Navigating in the Dark: A Multimodal Framework and Dataset for Nighttime Traffic Sign Recognition
Aditya Mishra, Akshay Agarwal, Haroon Lone
TL;DR
This work tackles nighttime traffic sign recognition by introducing INTSD, a real world Indian nighttime TSR dataset with 41 sign classes and 14,044 instances across six districts, plus daytime images for context. It then proposes LENS-Net, a two stage framework that combines an adaptive illumination aware detector with a multimodal CLIP GCNN classifier that leverages cross modal attention and graph based attribute reasoning. Empirical results show LENS-Net achieves state of the art performance on INTSD with $mAP@50=92.56\%$ for detection and $Acc=88.59\%$ for classification, with ablations confirming the contribution of adaptive image enhancement, CLIP driven text priors, and shape color graph reasoning. The work also provides cross domain evaluation on RTSD to assess generalization, highlighting both the potential and the limitations of current multimodal approaches for robust TSR under adverse illumination, and sets a new benchmark for night time traffic sign recognition.
Abstract
Traffic signboards are vital for road safety and intelligent transportation systems, enabling navigation and autonomous driving.
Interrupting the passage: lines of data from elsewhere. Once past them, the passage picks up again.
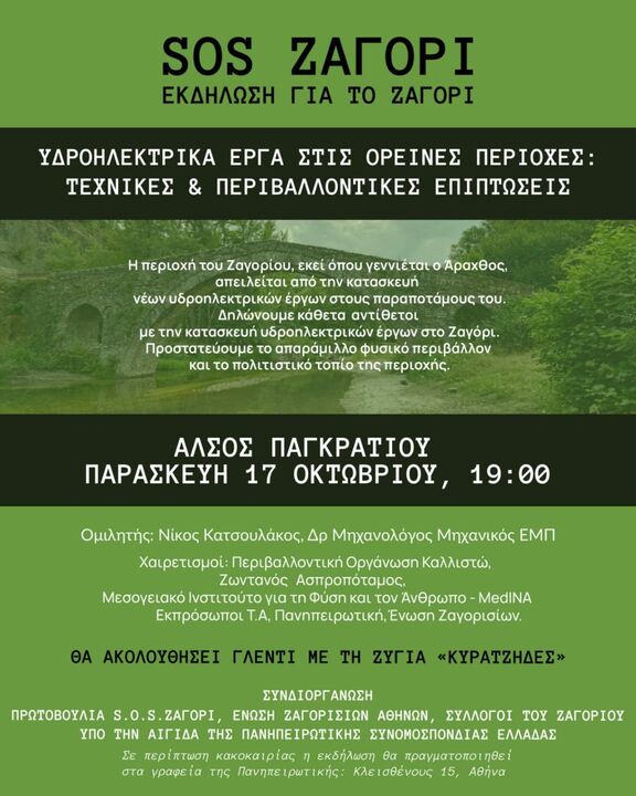 Η πρωτοβουλία SOS Ζαγόρι, με τη στήριξη της Πανηπειρωτικής Συνομοσπονδίας Ελλάδας, διοργανώνει εκδήλωση με θέμα:
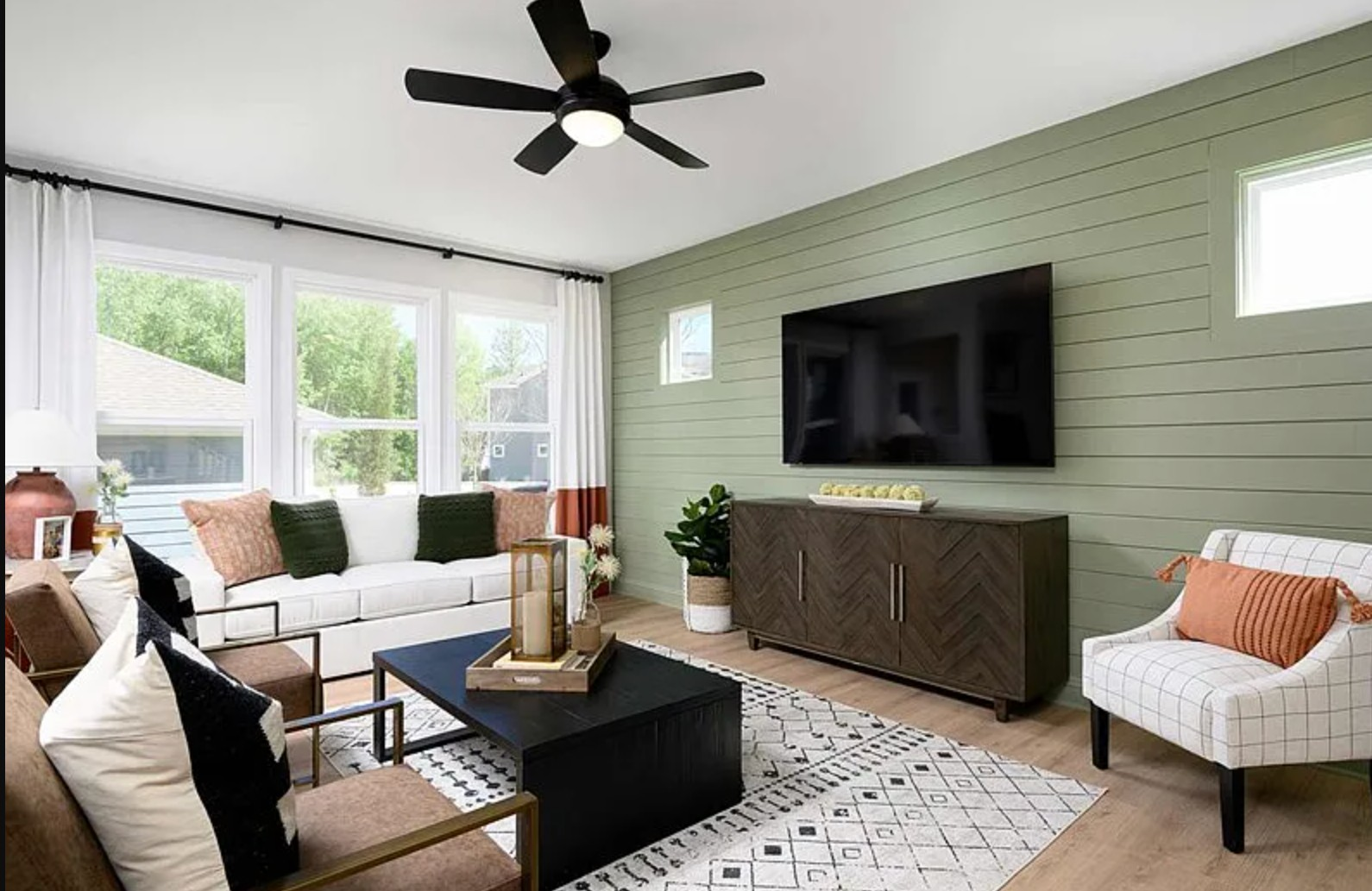 This living room strikes the perfect balance between comfort and sophistication—it’s the kind of space that feels both beautifully curated and entirely livable. Soft natural light floods in through the oversized windows, instantly lifting the mood and drawing attention to the calming sage green shiplap wall that serves as a subtle focal point. The color palette is warm yet grounded, with earthy greens, soft terracottas, and textured neutrals that invite you to settle in and stay a while.
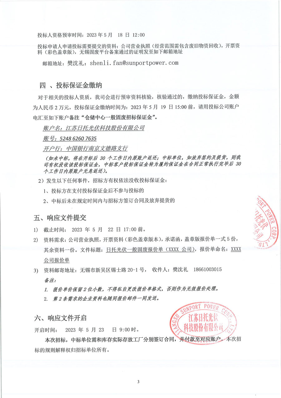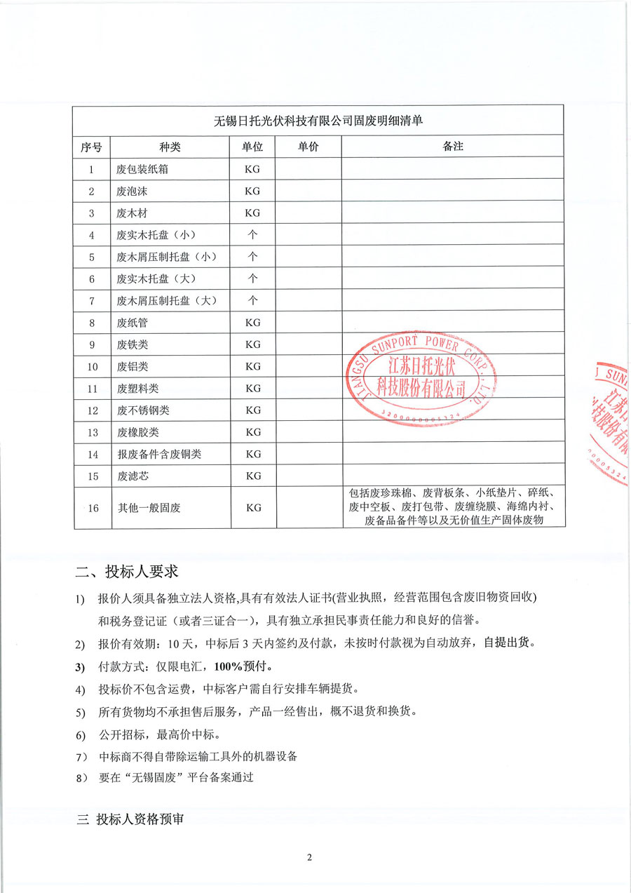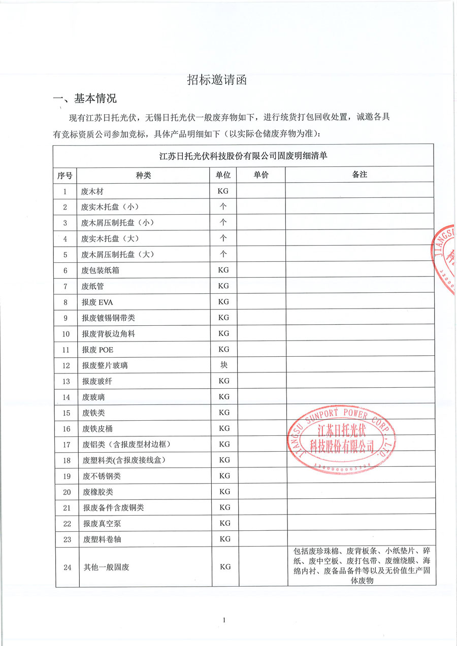 江蘇日托光伏科技股份有限公司現對倉儲部一般固廢實施公開招標。竭誠邀請廣大信譽好、具備廢舊物品回收資質的供應商積極參與投標。
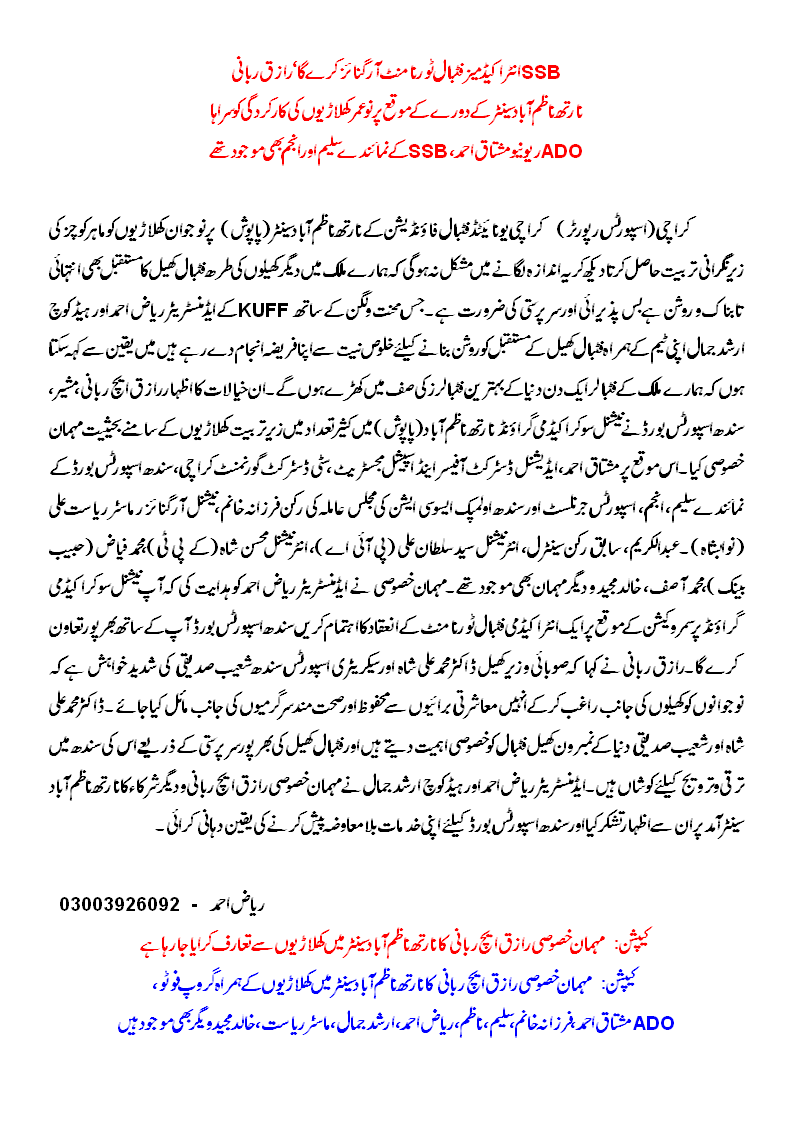 Also present at the occasion were SSB officials Saleem and Anjum, ADO Revenue for CDGK Mushtaq Ahmed, journalist and Sindh Olympic Association general congress member Farzana Khanum, football organiser Master Riasat Ali (Nawabshah), ex-member Central Zone FA Abdul Karim, internationals Syed Sultan Ali (PIA), Mohsin Shah (KPT), M. Faiz (HBL), M. Asif, Khalid Majeed, et al.

Yet, recognizing traffic signs at night remains challenging due to visual noise and scarcity of public nighttime datasets. Despite advances in vision architectures, existing methods struggle with robustness under low illumination and fail to leverage complementary mutlimodal cues effectively. To overcome these limitations, firstly, we introduce INTSD, a large-scale dataset comprising street-level night-time images of traffic signboards collected across diverse regions of India. The dataset spans 41 traffic signboard classes captured under varying lighting and weather conditions, providing a comprehensive benchmark for both detection and classification tasks. To benchmark INTSD for night-time sign recognition, we conduct extensive evaluations using state-of-the-art detection and classification models. Secondly, we propose LENS-Net, which integrates an adaptive image enhancement detector for joint illumination correction and sign localization, followed by a structured multimodal CLIP-GCNN classifier that leverages cross-modal attention and graph-based reasoning for robust and semantically consistent recognition. Our method surpasses existing frameworks, with ablation studies confirming the effectiveness of its key components. The dataset and code for LENS-Net is publicly available for research.